<<<<

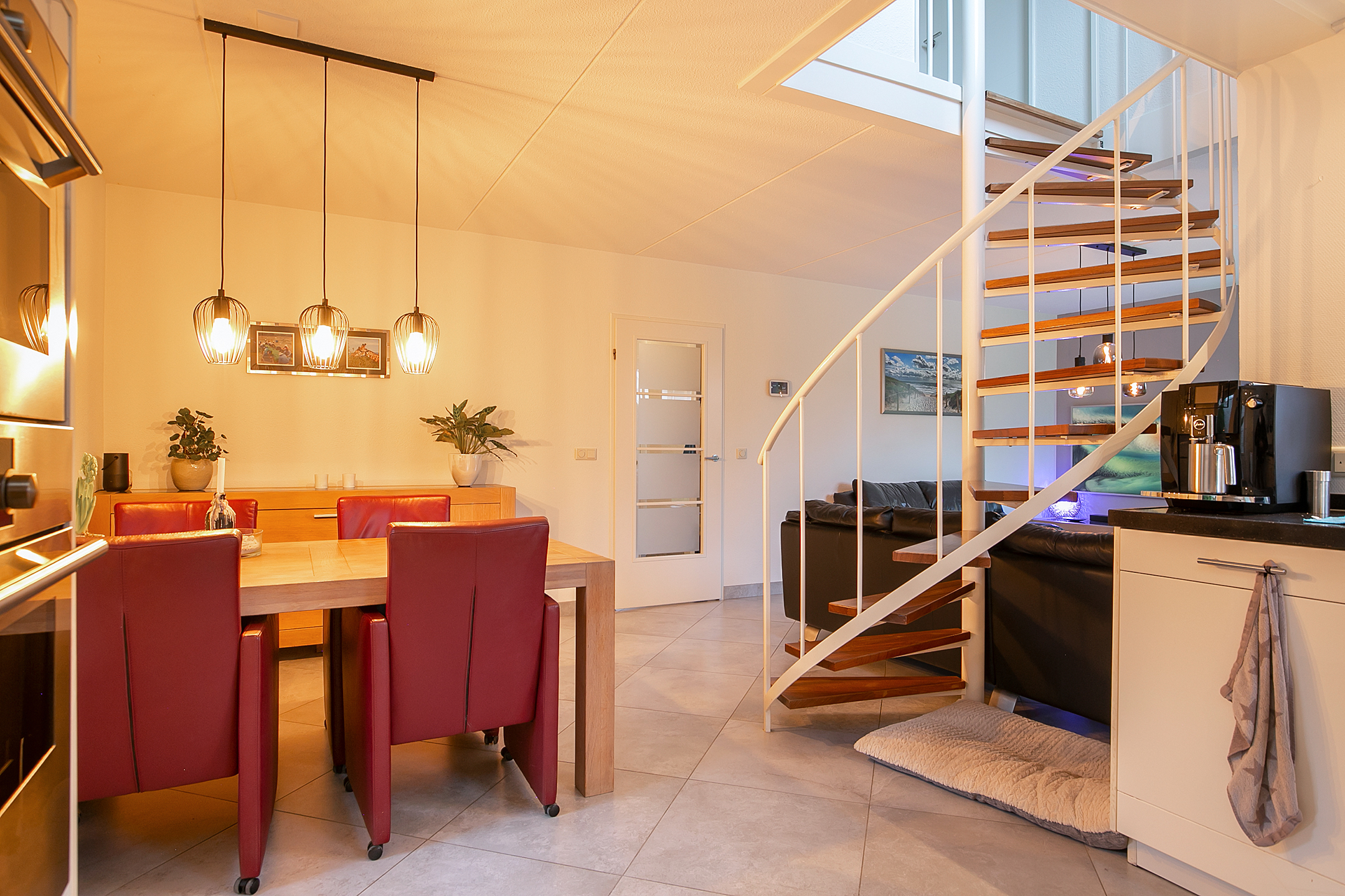 Vanuit de hal komt u in de ruime woonkamer met gezellige zithoek met Smart-tv en uitzicht op de tuin. De moderne open keuken is ruim en voorzien van inbouwapparatuur zoals een inductiekookplaat, vaatwasser, oven, magnetron en koel-vriescombinatie. Voor de koffieliefhebbers is een Nespresso koffiemachine aanwezig.
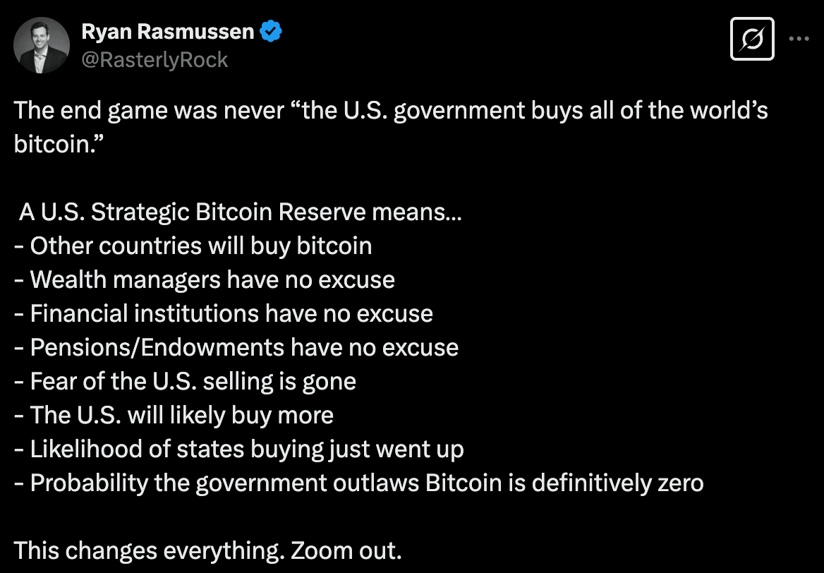 Matt Hougan, Chief Investment Officer at Bitwise, responded to the creation of a Strategic Bitcoin Reserve, outlining four key takeaways:
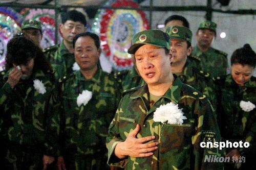 6月22日,閻維文、黃宏、夢歌、蔡國慶、白雪等著名軍旅藝術家來到四川都江堰悼念抗震救災烈士武文斌。圖為閻維文在烈士的遺像前清唱一首《心肝情愿》告慰英靈。中新社發(fā) 曾憲平 攝
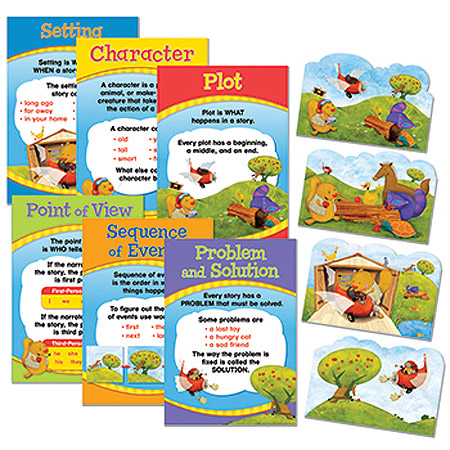 This set is designed to introduce students to the elements of a story: setting, main characters, main events, sequence and problems. Contains 6 posters and 4 die-cut illustrations. Aligns with MCREL Standards for language arts. Level 1
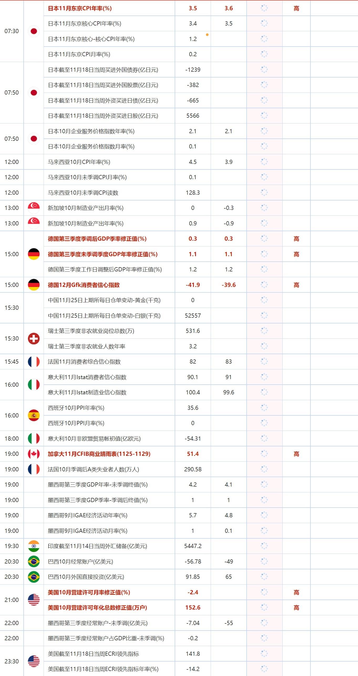 11月25日,投资者需要关注的重点数据:日本11月东京CPI年率,日本11月东京核心CPI年率,德国第三季度季调后GDP季率修正值,德国第三季度未季调季度GDP年率修正值 ,以及德国12月Gfk消费者信心指数。需要关注的大事件包括欧洲央行管委穆勒和维斯科发表讲话,北约秘书长斯托尔滕贝格召开记者会。

>>>>

TASK INSTRUCTIONS —
Restate the data above word for word, omitting every picture.

REPLY TO THE EXERCISE —
 Vanuit de hal komt u in de ruime woonkamer met gezellige zithoek met Smart-tv en uitzicht op de tuin. De moderne open keuken is ruim en voorzien van inbouwapparatuur zoals een inductiekookplaat, vaatwasser, oven, magnetron en koel-vriescombinatie. Voor de koffieliefhebbers is een Nespresso koffiemachine aanwezig.
 Matt Hougan, Chief Investment Officer at Bitwise, responded to the creation of a Strategic Bitcoin Reserve, outlining four key takeaways:
 6月22日,閻維文、黃宏、夢歌、蔡國慶、白雪等著名軍旅藝術家來到四川都江堰悼念抗震救災烈士武文斌。圖為閻維文在烈士的遺像前清唱一首《心肝情愿》告慰英靈。中新社發(fā) 曾憲平 攝
 This set is designed to introduce students to the elements of a story: setting, main characters, main events, sequence and problems. Contains 6 posters and 4 die-cut illustrations. Aligns with MCREL Standards for language arts. Level 1
 11月25日,投资者需要关注的重点数据:日本11月东京CPI年率,日本11月东京核心CPI年率,德国第三季度季调后GDP季率修正值,德国第三季度未季调季度GDP年率修正值 ,以及德国12月Gfk消费者信心指数。需要关注的大事件包括欧洲央行管委穆勒和维斯科发表讲话,北约秘书长斯托尔滕贝格召开记者会。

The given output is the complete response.